Why Jane Smokes: What every writer ought to know about habits
We are, all of us, creatures of habit. Our characters should be too. In this article I’m going to expose a technique used by successful writers to create distinctive, lively characters readers can really believe in.
Take a couple of minutes and make a list of your own habits. No need to write it down or anything, just contemplate your habits, both good and bad. Consider personal habits like biting your nails, smoking, or jogging two miles a day; speech patterns like saying “you know” three times in every sentence or beginning all your sentences with “well,” or “so"; habits of dress and grooming like never leaving the house without a tie or without first washing your face; driving habits like speeding, tailgating, or relentlessly coming to a full and complete stop at every stop sign.
I’ve got at least 10 habits that pop readily to mind. And no, I’m not going to tell you what they all are (although starting sentences with “and,” “but,” and “so” is one).
Now do the same for people you know. Your husband or wife, a friend, a co-worker. Do those people have habits that are quintessentially theirs? Ones that define them almost to the point of caricature? I find it hard to imagine the people I know without their habits. My perception of them is strongly colored by their habits, and surely their perceptions of me are similarly colored by mine.
Although we may not think of them in this way, habits are a great tool for showing character in real life. So why not use them in your fiction as well? There are three reasons why you should.
First, habits create believability. You’ve probably heard the general advice to add evocative details to your writing: Weird, idiosyncratic tidbits that seem to come out of nowhere. Habits do the same for our characters, but they do it across the whole span of the book, not just in a given scene. That is, you can’t just show a character nervously biting his nails once and have it be effective. You must show it often enough to cement that in the reader’s image of the character.
A word of caution: take care in choosing what habits to give your characters.

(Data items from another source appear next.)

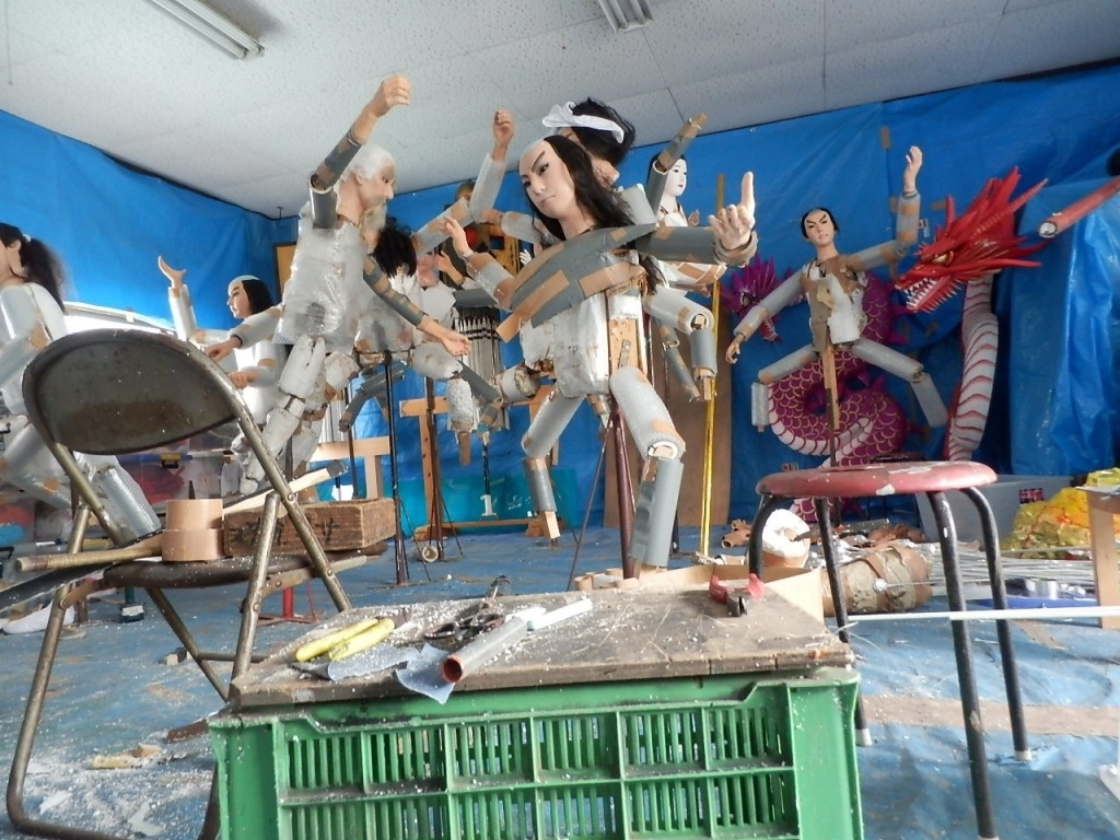 消防団の屯所2階でも人形作りや発泡造形などの作業をされています。
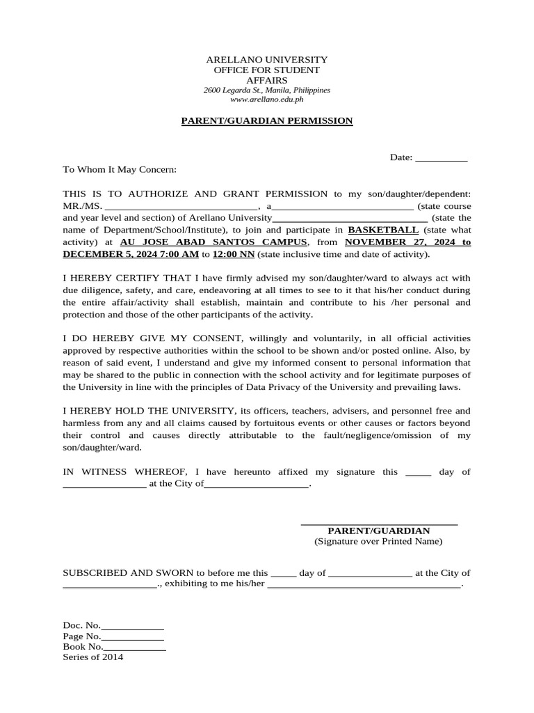Free Basketball Waiver Template to Edit Online
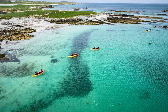 Explorez la côte sauvage du Connemara en kayak avec un guide local, en naviguant entre criques cachées et plages de sable blanc. Observez les phoques au soleil près de leur colonie et écoutez des histoires sur la vie marine en glissant sur l’eau claire de l’Atlantique. Combinaison, vestiaires et guide expert inclus — une matinée ou un après-midi qui vous transforme en douceur.
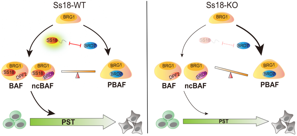 針對(duì)SS18的相分離行為是如何調(diào)控多能性退出的具體機(jī)制,科研人員進(jìn)一步展開(kāi)了深入的機(jī)制研究。已有研究表明SS18蛋白是染色質(zhì)重塑復(fù)合物BAFs的穩(wěn)定亞基。在胚胎干細(xì)胞中,BAFs主要分為三種亞型:經(jīng)典BAF(canonical BAF, cBAF)、非經(jīng)典BAF(non canonical BAF,ncBAF)以及PBAF(Polybromo-associated BAF)。他們含有一些共有成分如SMARCD1以及BCL7A/B/C等,也分別含有其特異性亞基??蒲腥藛T發(fā)現(xiàn),SS18形成的蛋白凝聚體可以富集cBAF特異性亞基而排斥PBAF特異性亞基,從而起到促進(jìn)或抑制相應(yīng)BAF亞型裝配的功能,而不同亞型的BAFs在多能性體細(xì)胞轉(zhuǎn)變中的角色卻不盡相同。因此,SS18蛋白的缺失會(huì)打破BAFs各亞型之間裝配的平衡,并最終影響多能性細(xì)胞-體細(xì)胞轉(zhuǎn)變進(jìn)程。

Some habits are so strongly associated with underlying psychologies that they have become tired cliches. Try to find habits that are a little more distinctive, yet don’t destroy the underlying motive of believability. You want to find a comfortable space between what is banal and what is downright strange.
Second, habits "show, don’t tell". On the surface, habits can create colorful, believable characters. But you should strive to go deeper by using the habit as a representation of something meaningful about a character. For example, you could have a character who smokes. She’s not a chain smoker, not a true addict, but rather someone who has come to use cigarettes as a form of avoidance. When forced to confront a difficult or uncomfortable situation, she lights up. On the surface, she’s telling herself “I just need to steady my nerves,” but really it’s just a way to avoid dealing with something difficult, if only for a few minutes. If this is how you portray the habit, then it gives you a convenient shorthand for referring to that entire aspect of the character’s psychology through showing, rather than telling. Telling would be this:
Jane paused before knocking on Sean’s door. She knew she had to break up with him, but dreaded the inevitable scene. She decided to put it off for a few minutes by lighting up a cigarette.
Yeah, that makes me yawn too. Showing would be this:
Jane stood before the door to Sean’s apartment. She raised her hand to knock, but then reached into her purse for a Virginia Slim. She took a long drag, and blew the smoke out into the night air. God damn, she thought, why are men so difficult?
With a little effort most underlying psychological motivations can be connected with an appropriate habit, and usually to great effect.
Third, habits set up dramatic reversals. When a habit is a core part of how we perceive a character, we are strongly affected to see the character violate the habit. Violating the habit is powerful because it is a reversal: you’ve led the reader to expect one thing, but have then given them something different. That is, when we’ve seen Jane light up when under stress seven times before, you can really grab our attention in an eighth scene by showing Jane not lighting up.
But you can’t just do it as a meaningless surprise. After all, if she violates the habit, we’re going to wonder why. If you have properly used the habit as shorthand for Jane’s deeper avoidance issues, then the answer is obvious: When we see her not light up we immediately know that she has grown as a character. She has reached a point where, at least in one instance, she doesn’t want to avoid a difficult situation. She’s ready to face it head-on. The reversal is itself powerful, but it is also dramatic because it clearly shows Jane’s grit and determination. And all you have to do is make her put the cigarette down, unlit.
Exploiting habits is a powerful technique for confronting the challenge of creating distinctive, believable characters. But don’t feel like you have to plan these things out ahead of time. Often it is easiest simply to write until you find yourself stuck, asking “how can I show Jane’s determination and growth?” At that point, you can invent a habit for her to break. You must, of course, go back to earlier scenes and add the habit back in, but that’s ok. The power of a well-chosen habit to show character is entirely worth the effort.